■ Problem details
The reply needs the lines from the one containing "Avtosfer.az xəbər verir" through the end of the material, each repeated exactly, and no pictures.

[[ Data segment, beginning ]]

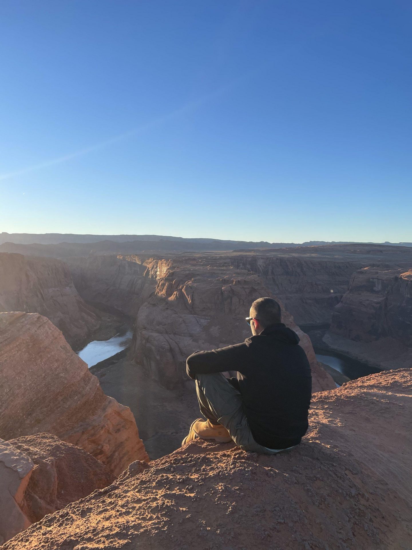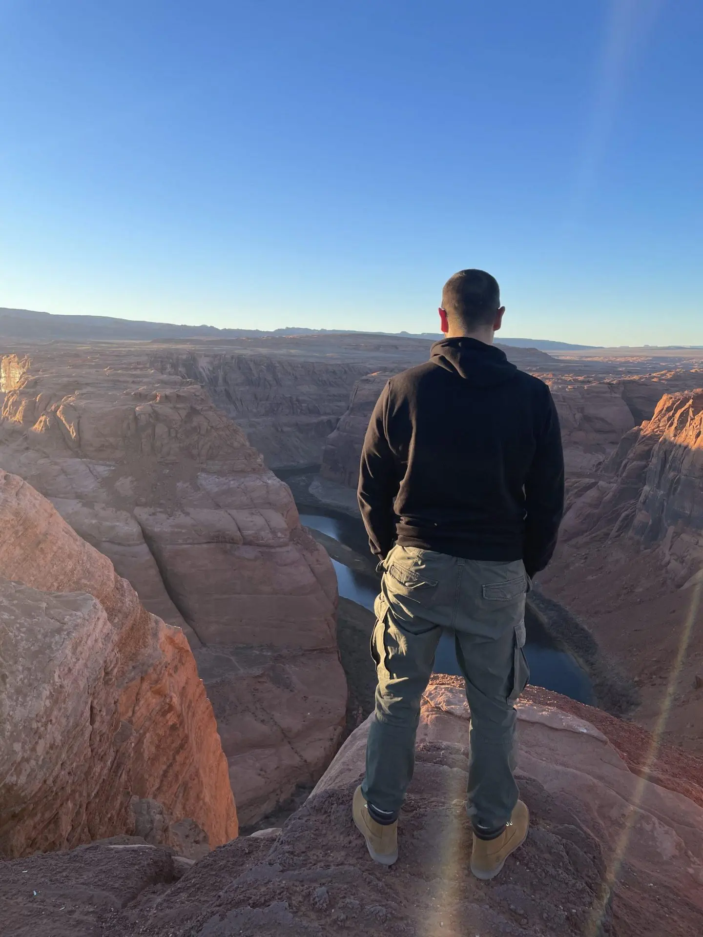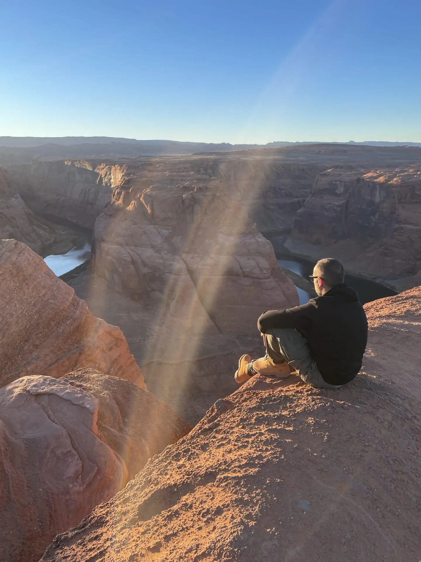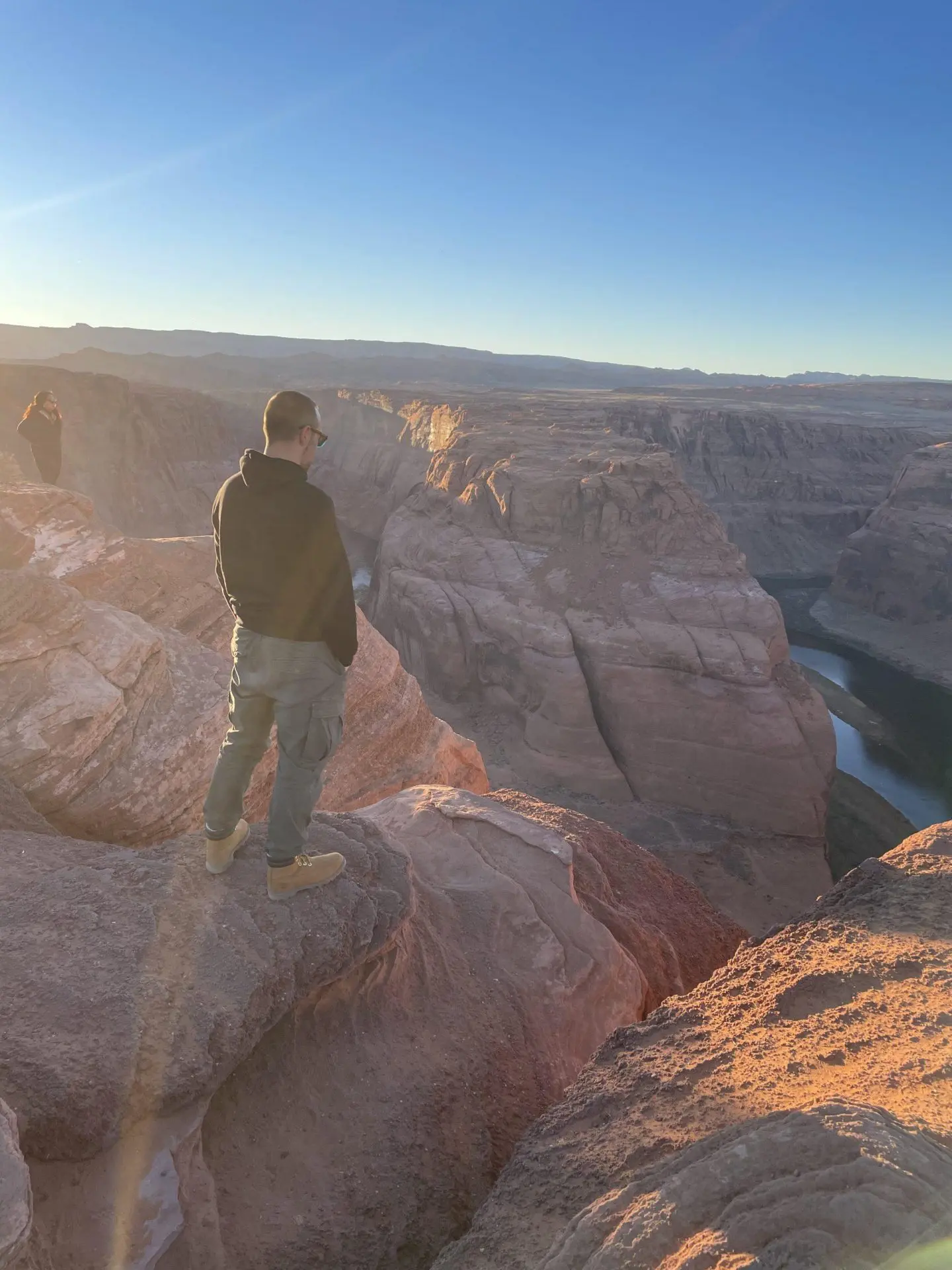 Si quieres algún sitio mas despejado, tendrás que ir a los lados del mirador. Podrás sacar increíbles fotos del rio Colorado, que discurre muchos metros por debajo tuya. Mira bien donde pisas, porque barandilla sólo hay en el mirador, y si no tienes cuidado puedes acabar bañándote en las aguas del Colorado…
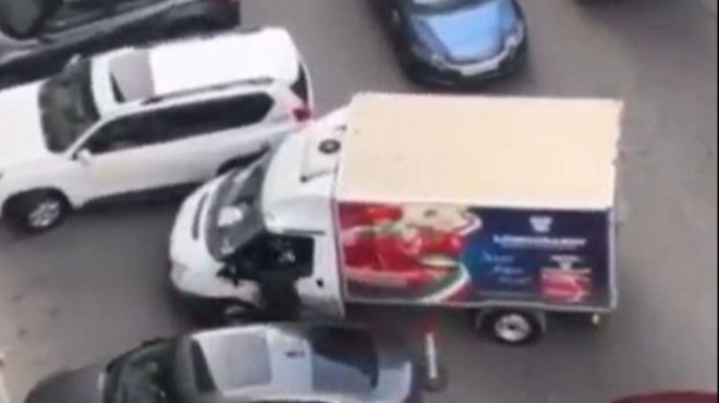 Avtosfer.az xəbər verir ki, bu barədə görüntülər sosial şəbəkələrdə paylaşılıb. Görüntülərdə firmaya məxsus yük avtomobilinin parkedildiyi əks olunur. Lakin bu zaman əraziyə nəzarət edən şəxs avtomobilin qarşısını kəsərək, park edilməsinə imkan vermir. Daha sonra isə əlindəki dəyənəklə sürücüyə hücum edir. Hadisə anını təqdim edirik:
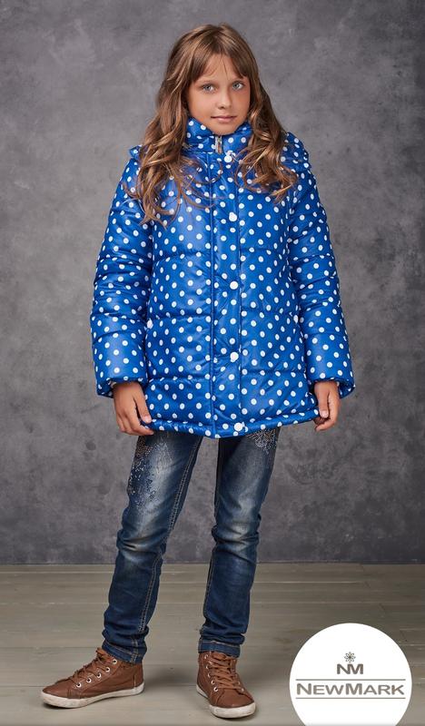 Дуже тепла курточка для дівчинки, стан нової, колір синій електрик в білий горох. Состав: ткань верха - полиэстер 100%, ткань подкладки нейлон, утеплитель - синтепон силиконизированный Плотность утеплителя: 250 г/кв.м. ― морозная зима (обеспечивает ощущение комфорта и при 0 °С, и при -20°С.)

[[ Data segment, end ]]

■ Task output
 Avtosfer.az xəbər verir ki, bu barədə görüntülər sosial şəbəkələrdə paylaşılıb. Görüntülərdə firmaya məxsus yük avtomobilinin parkedildiyi əks olunur. Lakin bu zaman əraziyə nəzarət edən şəxs avtomobilin qarşısını kəsərək, park edilməsinə imkan vermir. Daha sonra isə əlindəki dəyənəklə sürücüyə hücum edir. Hadisə anını təqdim edirik:
 Дуже тепла курточка для дівчинки, стан нової, колір синій електрик в білий горох. Состав: ткань верха - полиэстер 100%, ткань подкладки нейлон, утеплитель - синтепон силиконизированный Плотность утеплителя: 250 г/кв.м. ― морозная зима (обеспечивает ощущение комфорта и при 0 °С, и при -20°С.)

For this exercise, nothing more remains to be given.